How well and generously he kept that promise these pages will show.
CHAPTER XVIII
A CAMPAIGN OF EXTERMINATION
AND ITS
CONSEQUENCES
Mr O’Brien went abroad in March 1909, leaving his friends in membership of the Irish Party. His last injunction to us was that we should do nothing unnecessarily to draw down the wrath of “the bosses” upon us and to work as well as we might in the circumstances conscientiously for the Irish cause. I had some reputation, whether deserved or otherwise, as a successful organiser, and I wrote to Mr Redmond offering my services to re-establish the United Irish League in my own constituency or in any other place where it was practically moribund.

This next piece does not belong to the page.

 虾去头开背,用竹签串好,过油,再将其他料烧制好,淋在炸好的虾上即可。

I received a formal note of acknowledgment and heard not a word more, nor was my offer ever availed of. On the contrary, the fiat went forth that the constituencies of those who had for five years remained staunch and steadfast to the policy of Conciliation should be organised against them and that not a friend of Mr O’Brien should be allowed to remain in public life. We were not yet actually cut off from the Party or its financial perquisites, but in all other ways we were treated as political pariahs and outcasts and made to feel that there was a rod in pickle for us.

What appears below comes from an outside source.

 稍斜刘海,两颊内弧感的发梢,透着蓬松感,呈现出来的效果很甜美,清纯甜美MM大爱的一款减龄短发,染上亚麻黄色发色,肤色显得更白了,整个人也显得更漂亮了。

In the autumn of 1909 I was attending my law lectures in Dublin when it was conveyed to me that a raid on my constituency was contemplated, that the officials at the League headquarters in Dublin were, without rhyme or reason, returning the affiliation fees of branches which were known to be friendly to me, and that a Divisional Conference of my enemies was summoned for the purpose of “organising” me out of Mid-Cork. I immediately resolved that if the issue were to be knit at all the sooner the better, and I took my own steps to circumvent the machinations of those who were out, so to speak, for my blood. Hence when the bogus delegates were brought together in Macroom one Saturday afternoon a little surprise awaited them, for as they proceeded to the Town Hall to deliberate their plans for my overthrow, another and a more determined militant body, with myself at their head, also marched on the same venue. There was a short and sharp encounter for possession of the hall: the plotters put up a sorry fight; they were soon routed, and my friends and myself held our meeting on the chosen ground of our opponents. Moreover, Mr Denis Johnston, the Chief Organiser of the League, who had come down from Dublin with all his plans for my extermination cut and dried, dared not take the train that evening in the ordinary course from the Macroom station, but, like a thief in the night, stole out of the town in a covered car and drove to a station farther on.